(Stored data entries)
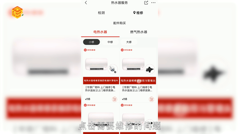 选择检修或维修,点击需要维修的问题
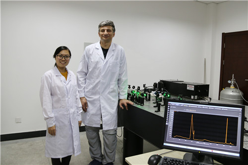 格列戈良茨研究员与刘晓迪博士进行氢的实验测量
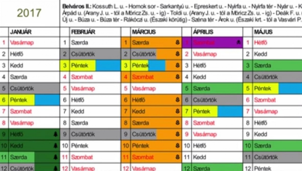 Az idei évre vonatkozó hulladékszállítási járatrendet tartalmazza az új hulladékszállítási naptár, amit folyamatosan juttatnak el a lakosokhoz a Térségi Hulladék-Gazdálkodási Nonprofit Kft. munkatársai. Ebben megtalálható az, hogy az adott városrészben mely napokon szállítják el a kommunális-, a bio- és a szelektíven összegyűjtött hulladékot. De tartalmazza a naptár az egyéb nevezetes időpontokat és akciókat, valamint útmutatást ad ahhoz is, hogyan kell a háztartásokban keletkezett hulladékot szakszerűen gyűjteni.
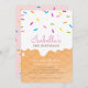 KIDS BIRTHDAY PARTY ice cream cone pink sprinkles Invitation
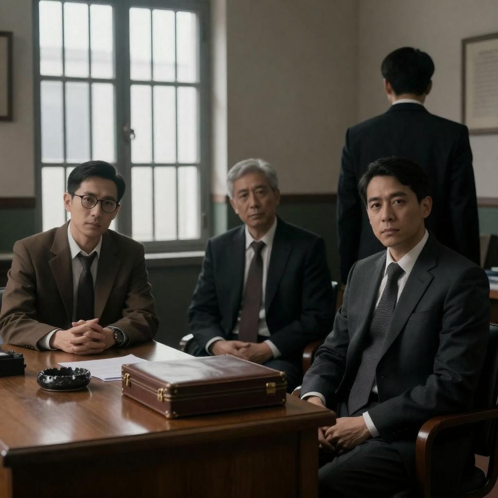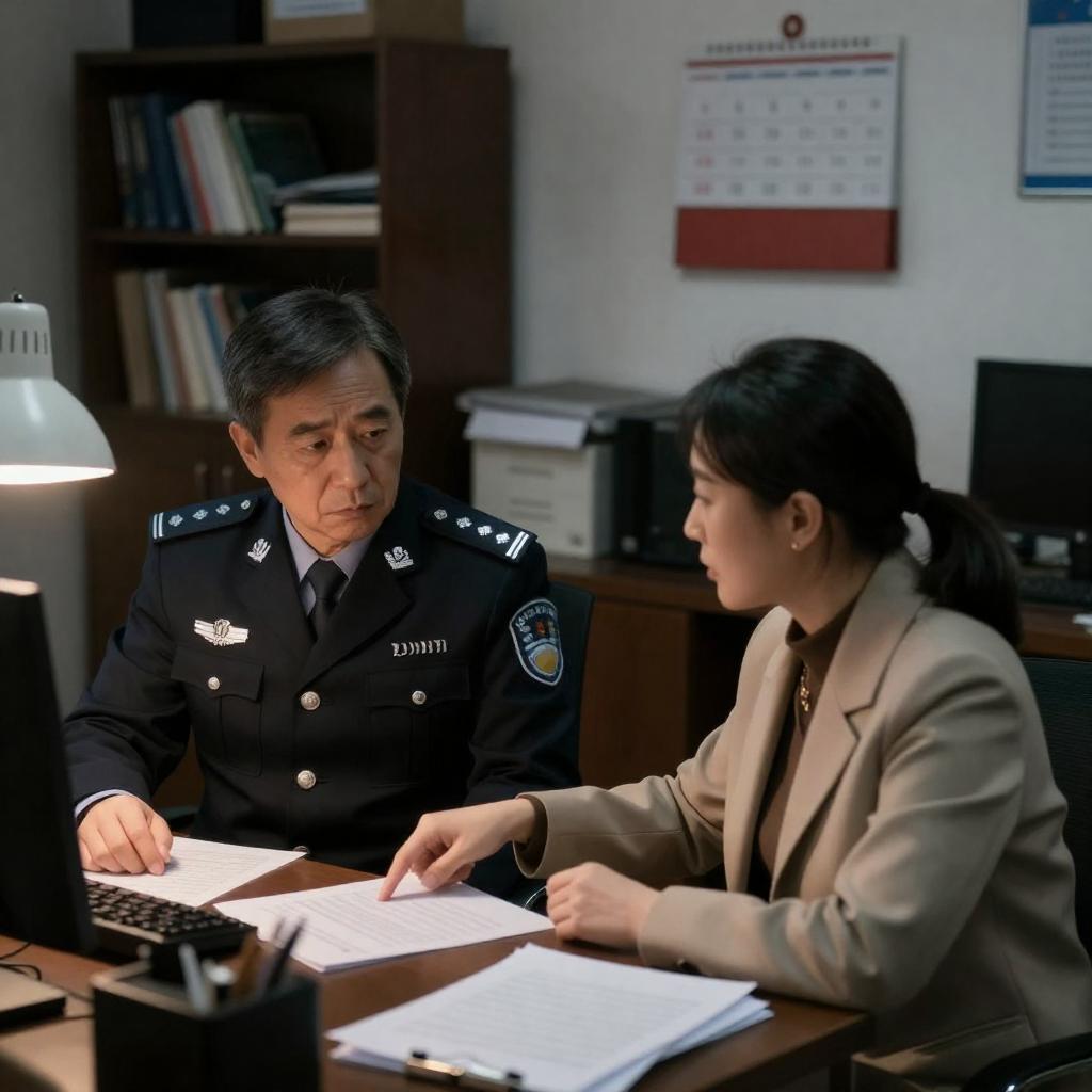 Photograph of two people in a dimly lit office. An older Asian man in a dark police uniform sits at a desk on the left, looking down with a tired expression. A middle-aged Asian woman in a beige coat sits at a desk on the right, pointing to a document with her right hand. Background includes a calendar, bookshelf, and office clutter. Desk lamps provide focused lighting.
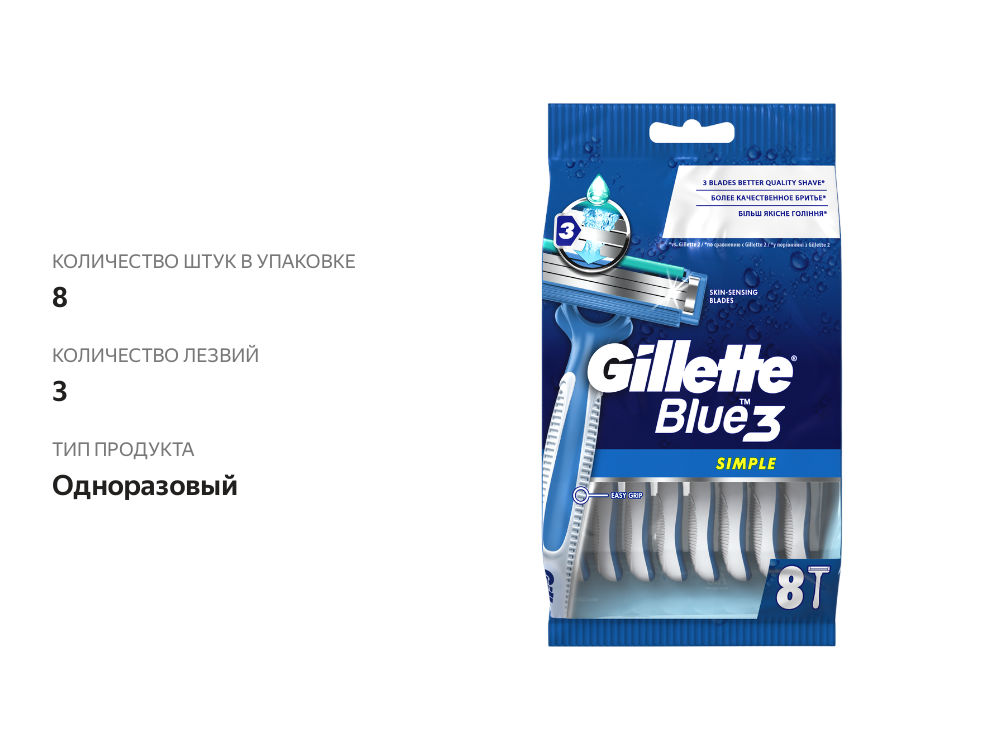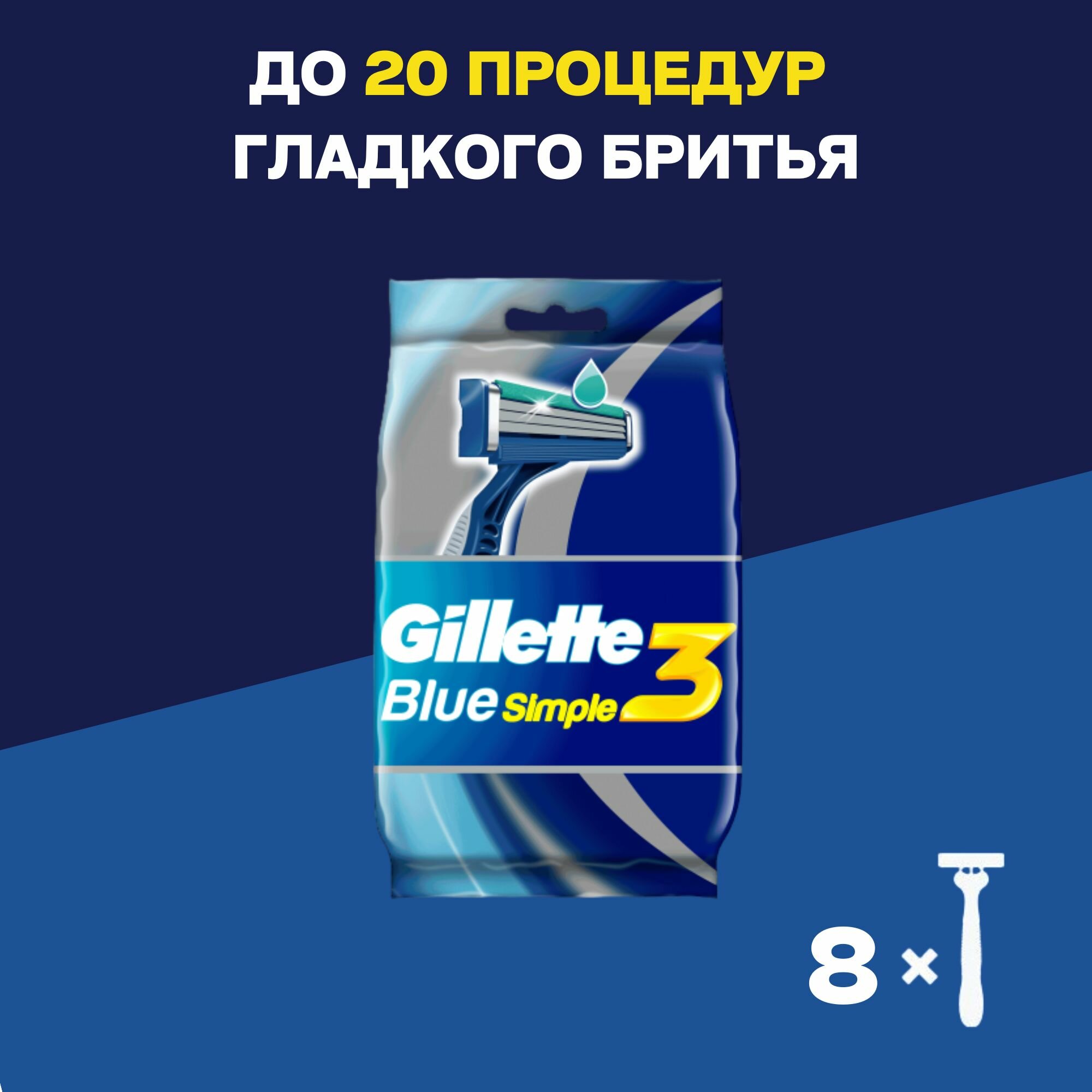 Купить Gillette Одноразовые Мужские Бритвы Blue3 Simple, с 3 лезвиями, 8, фиксированная головка

### What is expected:
Pictures aren't part of the copy; return each record above exactly.

### Result for this exercise:
 选择检修或维修,点击需要维修的问题
 格列戈良茨研究员与刘晓迪博士进行氢的实验测量
 Az idei évre vonatkozó hulladékszállítási járatrendet tartalmazza az új hulladékszállítási naptár, amit folyamatosan juttatnak el a lakosokhoz a Térségi Hulladék-Gazdálkodási Nonprofit Kft. munkatársai. Ebben megtalálható az, hogy az adott városrészben mely napokon szállítják el a kommunális-, a bio- és a szelektíven összegyűjtött hulladékot. De tartalmazza a naptár az egyéb nevezetes időpontokat és akciókat, valamint útmutatást ad ahhoz is, hogyan kell a háztartásokban keletkezett hulladékot szakszerűen gyűjteni.
 KIDS BIRTHDAY PARTY ice cream cone pink sprinkles Invitation
 Photograph of two people in a dimly lit office. An older Asian man in a dark police uniform sits at a desk on the left, looking down with a tired expression. A middle-aged Asian woman in a beige coat sits at a desk on the right, pointing to a document with her right hand. Background includes a calendar, bookshelf, and office clutter. Desk lamps provide focused lighting.
 Купить Gillette Одноразовые Мужские Бритвы Blue3 Simple, с 3 лезвиями, 8, фиксированная головка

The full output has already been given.